**Exercise details**
For the material that follows, return exactly the lines from the one with "વલસાડ જીલ્લામાં ફરજ" through the one with "Стрелять из него", both ends included.

**Data shown**
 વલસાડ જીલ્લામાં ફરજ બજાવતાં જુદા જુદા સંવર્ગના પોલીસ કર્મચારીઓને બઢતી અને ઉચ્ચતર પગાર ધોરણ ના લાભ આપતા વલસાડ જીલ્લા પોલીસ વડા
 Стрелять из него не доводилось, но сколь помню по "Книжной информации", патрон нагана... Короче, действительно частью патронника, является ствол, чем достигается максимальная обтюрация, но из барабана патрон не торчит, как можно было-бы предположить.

...

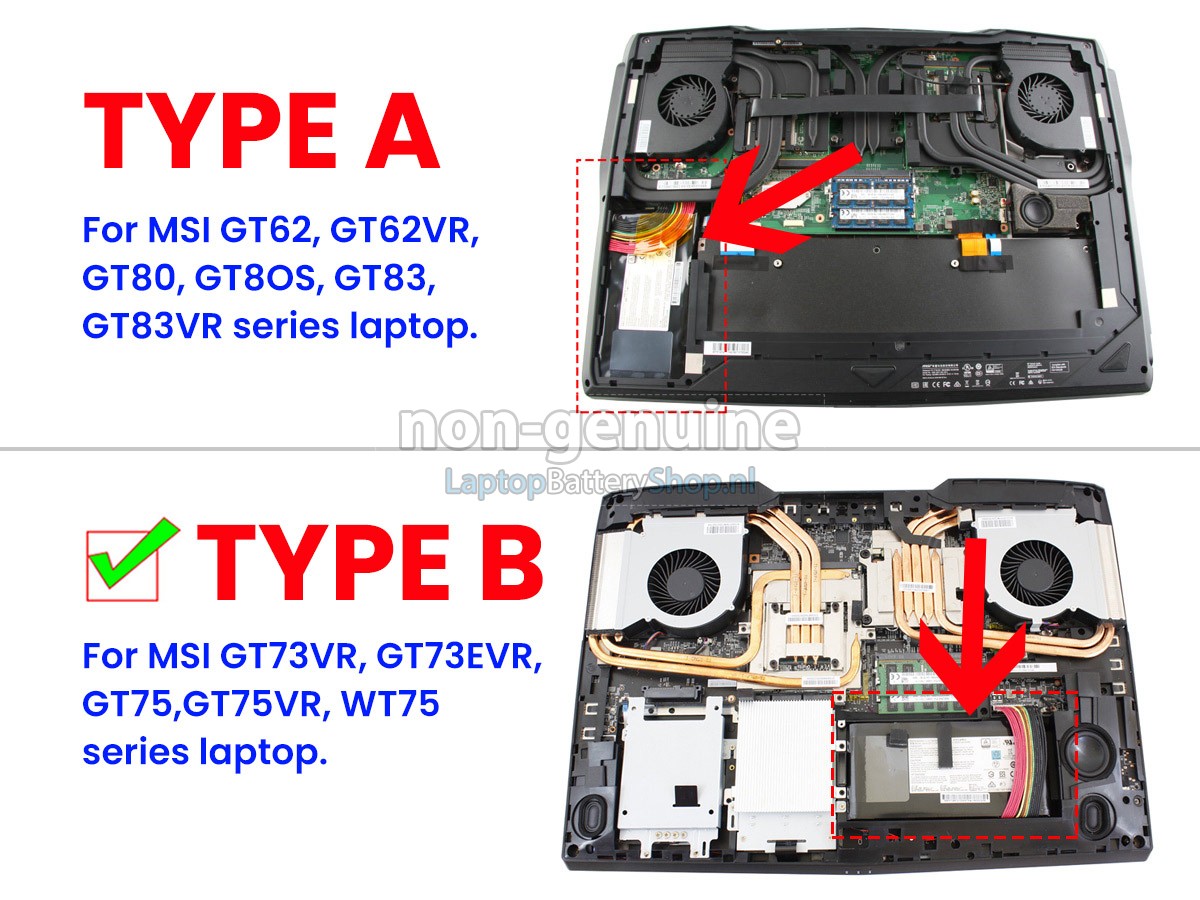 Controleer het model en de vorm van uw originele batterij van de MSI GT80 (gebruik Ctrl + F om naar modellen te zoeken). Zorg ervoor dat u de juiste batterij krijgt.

--

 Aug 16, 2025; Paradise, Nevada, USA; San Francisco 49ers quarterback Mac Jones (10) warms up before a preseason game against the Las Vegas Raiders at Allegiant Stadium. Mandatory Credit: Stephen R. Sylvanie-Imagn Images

**Result of this task**
 વલસાડ જીલ્લામાં ફરજ બજાવતાં જુદા જુદા સંવર્ગના પોલીસ કર્મચારીઓને બઢતી અને ઉચ્ચતર પગાર ધોરણ ના લાભ આપતા વલસાડ જીલ્લા પોલીસ વડા
 Стрелять из него не доводилось, но сколь помню по "Книжной информации", патрон нагана... Короче, действительно частью патронника, является ствол, чем достигается максимальная обтюрация, но из барабана патрон не торчит, как можно было-бы предположить.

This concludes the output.